Sunday, March 29, 2015

Logicomix Summary

http://epaper.navhindtimes.in/NewsDetail.aspx?storyid=1949912&date=2015-03-29&pageid=1



Logicomix: 

A few weeks back, I waxed eloquent about Comics.  My interlude with comics continues, thanks to libraries and bookstores in Goa and of course, patrons of exclusive comic collections. ‘The improbable material for comic book treatment’ is what has me completely hooked and I can’t seem to let it go. One such graphic novel is Logicomix – An Epic Search for Truth (I am late arriving at it , it was  launched in Greece in Sept, 2009),  a helluva highbrow comic panel about mathematical philosophy based in the later part of  nineteenth century up to the Second World War.

Scientists, philosophers and mathematicians occupy inaccessible realms in the living world, completely incomprehensible to the minds of common masses. To transpose a journey of complex mathematics, logic and philosophy interwoven with a human angle to the stories of  star performers(mathematicians in this case), coloured with family history along with raging zeitgeist, is a feat very craftily achieved by the makers of this sensational comic strip. The graphic novel is the brainchild of two Greeks viz. Apostolos Doxiadis and Christos Papadimitriou.  The former, an international expert on the relationship of mathematics to narrative and of the fame of the bestseller Uncle Petros and Goldbach’s Conjecture (the maiden  foray which  bridged mathematics to the world of storytelling) ; and the latter, Bill Gates’ teacher, a professor of computer science at Berkeley and  the author of a novel on Alan Turing( the father of computer science, we recently watched him in Imitation Games).  The art was done by Alecos Papadatos (clean line drawings made famous by Herge’s Tintin series) and Annie Di Donna (color) who went location-hunting to original storyscapes on this pretext.  
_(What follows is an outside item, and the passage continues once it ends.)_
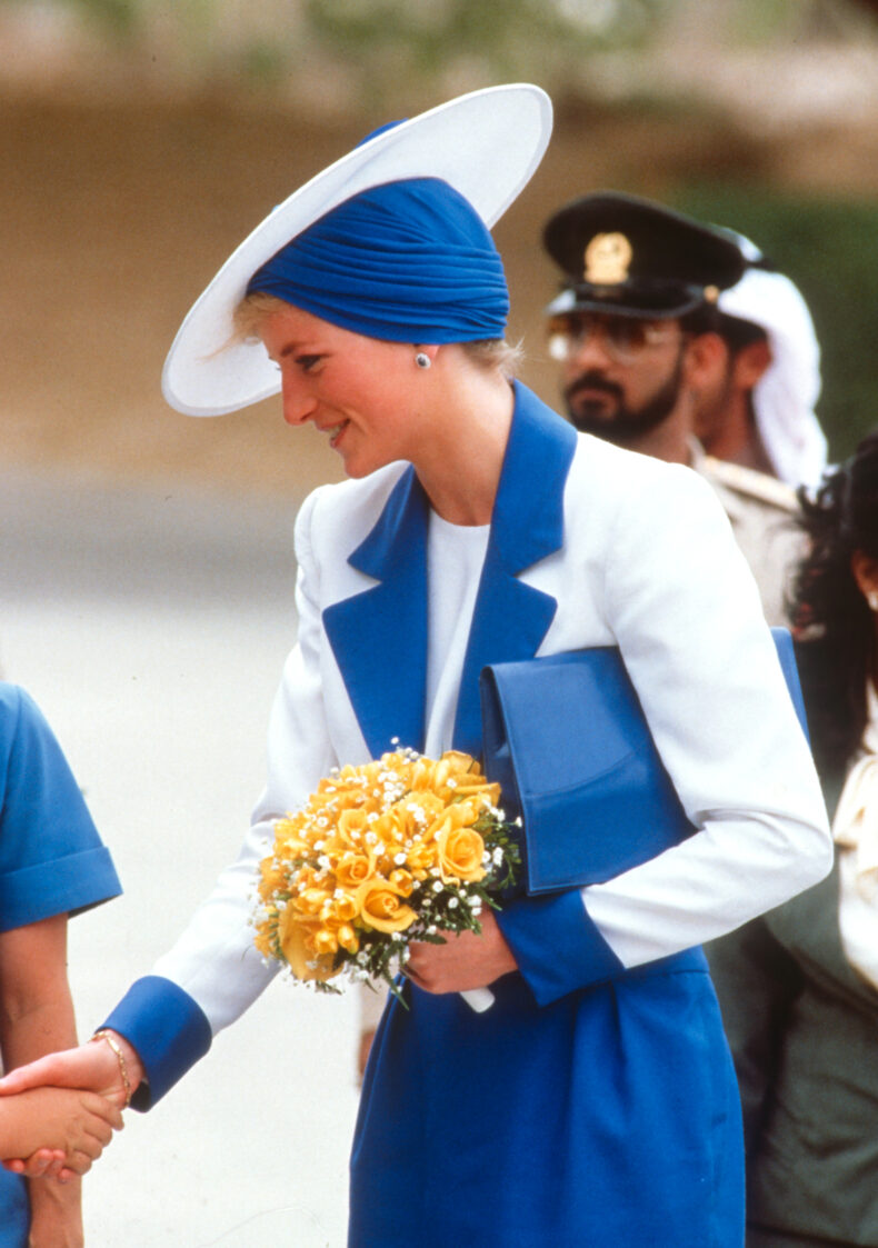 - DUBAI, UNITED ARAB EMIRATES – MARCH 17: Diana, Princess of Wales, wearing a white suit with a blue collar designed by Catherine Walker and a Philip Somerville turban hat, during an official visit on March 17, 1989 in Dubai, United Arab Emirates. (Photo by Anwar Hussein/Getty Images)

It is a quest of Bertrand Russell (the British mathematician, philosopher, logician, reformer, pacifist and activist) for foundational logic in mathematics.  An orphaned, insecure, insomniac teenager with a history of raving family madness and mystery is driven by demons in his restless fearful mind (he is preyed by the idea bordering on certainty that he will go mad one day) to find a secure logical explanation to incongruities in his life  and the living world he sees around him. His epic obsessive search to find truth, through certainty and logic in mathematics (which should answer all conundrums of creation) spanning decades, in tandem with the work of historical figures like Leibniz, Boole and his contemporary sworn-logicians  Gottlob Frege, Georg Cantor( the inventor of set theory)  and many other madmen of sciences, forms the idealistic core of the book(a mathematics scholar could most proficiently write a thesis paper outline with it). Whitehead the co-author of his great work Principia Mathematica and argumentative brilliant pupil Wittgenstein (who constantly challenged and spurred him on), too, form a major part of the narrative.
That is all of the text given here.